# Dining Philosophers

We consider the classical problem of dining philosophers. The goal is to model this problem in PlusCal, formalize the requirements below in TLA+, and check under which fairness conditions these requirements hold.

## Requirements

We consider the following requirements:

1. Each philosopher thinks infinitely often
2. Two neighbours never eat at the same time
3. When a philosopher is hungry, he eventually have a meal
4. When a philosopher eats, he will think some time later
5. When a philosopher eats, he has been thinking before
6. Between two meals of philosopher i, Philosopher i+1 gets to eat to (for each i)

Formalize the 6 requirements above as LTL formulas. Define the atomic propositions that are needed for your formulas.

A philosopher does the following sequence of actions repeatedly:

• Think
• Wait for the left fork to be available, then take it
• Wait for the right fork to be available, then take it
• Eat
• Release the left fork
• Realease the right fork

Write a PlusCal model where each philosopher runs the algorithm above. Explain why your model has deadlocks.

## A semaphore to rule them all

A solution is to use a semaphore (mutex) to solve the deadlock issue. Now, the philosophers do the following sequence of actions repeatedly:

• Think
• P(mutex)
• Take the left and right forks if they are available, then V(mutex)
• Otherwise, V(mutex) and go back thinking
• Eat
• Release the left fork
• Realease the right fork

Write a PlusCal model where each philosopher runs the algorithm above. The mutex semaphore is implemented as an integer variable.

Formalize the first 4 requirements above in TLA+. For each requirement (1, 2, 3 and 4) and each fairness condition (no, -wfNext, -wf and -sf), fill the following table indicating (YES/NO) whether the requirement holds under the fairness condition or not.

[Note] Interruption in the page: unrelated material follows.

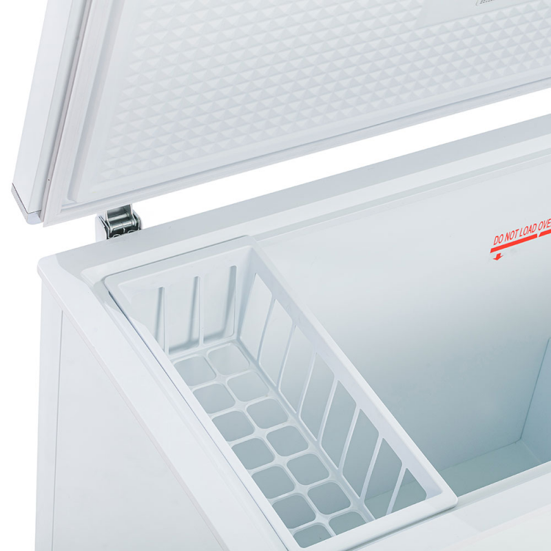 Lòng tủ có giỏ chứa thực phẩm bên trong tiện lợi cho việc phân loại thực phẩm bên trong tủ. Dưới đáy tủ có lỗ thoát nước giúp tránh trường hợp ngưng đọng nước, dễ dàng vệ sinh thiết bị. Foam cách nhiệt dày dặn, giữ lạnh cực tốt không làm thất thoát khí lạnh ra bên ngoài.

 no -wfNext -wf -sf 1 2 3 4

Comment each result in the table: either by explaining why the requirement holds under the fairness constraint, or by explaining why the counter-example satisfies the fairness constraint and falsifies the requirement.

## Fair ruling

We consider some potential solutions to the cases where fairness conditions do not guarantee satisfaction of the requirements.
• Suppose that a fair implementation of the semaphore is used instead. What would be the impact on the previous results?
• What is the impact of replacing await(mutex > 0) (i.e. P(mutex)) by a condition await(mutex > 0 /\ left_fork_is_free /\ right_fork_is_free) on the previous results? (where left_fork_is_free should be replaced by a condition stating that the left fork is free, and similarly for the right fork. The exact definitions depend on your model)
• What should be done to get a model that satisfies the 4 requirements above?